Last year, a number of social commentators, concerned about welfare and soaring illegitimate birth rates among the poor, began a rash of attacks on the unwed, uneducated, unemployed mother.
Cancel her stipends, they said. Take her children and offer them for adoption if she can't provide a suitable home once her government checks are cut off. "The child deserves society's support," explained Charles Murray in a Wall Street Journal article. "The parent does not."
In Linda Gordon's "Pitied but Not Entitled: Single Mothers and the History of Welfare," we learn that these are not new arguments. Similar ones were made--and acted on--as early as the beginning of this century. We also learn that blaming the mother tends to worsen the very problems we wish to solve.
Gordon, a professor of American history at the University of Wisconsin, recounts the groundbreaking political and professional histories that propelled the "mothers' aid" movement, an organized campaign that sought public assistance for destitute single mothers. At the same time, she exposes the gender and racial biases embedded in those histories, cultural biases that have crippled our efforts to help the most needy of American families--female-headed households.

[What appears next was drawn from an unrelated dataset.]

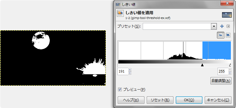 GIMP: 色: しきい値

Until the New Deal Era, the mothers' aid movement was essentially a white women's affair led by well-intentioned, well-to-do feminists, Gordon writes. Once Franklin Roosevelt funded a national public assistance program, though, white male politicos wrested control of the movement away from their white female counterparts.
Before the Social Security Act of 1935--the law that federalized social provisions, including public aid to single mothers and children, now known as AFDC--the feminists had gained considerable influence, having virtually shaped what became the welfare state. They had also created the social-work profession.
Yet the public assistance programs they developed for their poorer sisters were paltry, far less generous than those in most other Western nations. America's female elite, Gordon tells us, shortchanged America's less privileged women.
Women in the mothers' aid movement were victims of a culture supported by a number of obdurate beliefs about race, class and the role of women in society. Largely because these feminists could not transcend these beliefs and were thus willing to accept a subordinate view of women, we are now living with their legacy, a two-tier system of public assistance.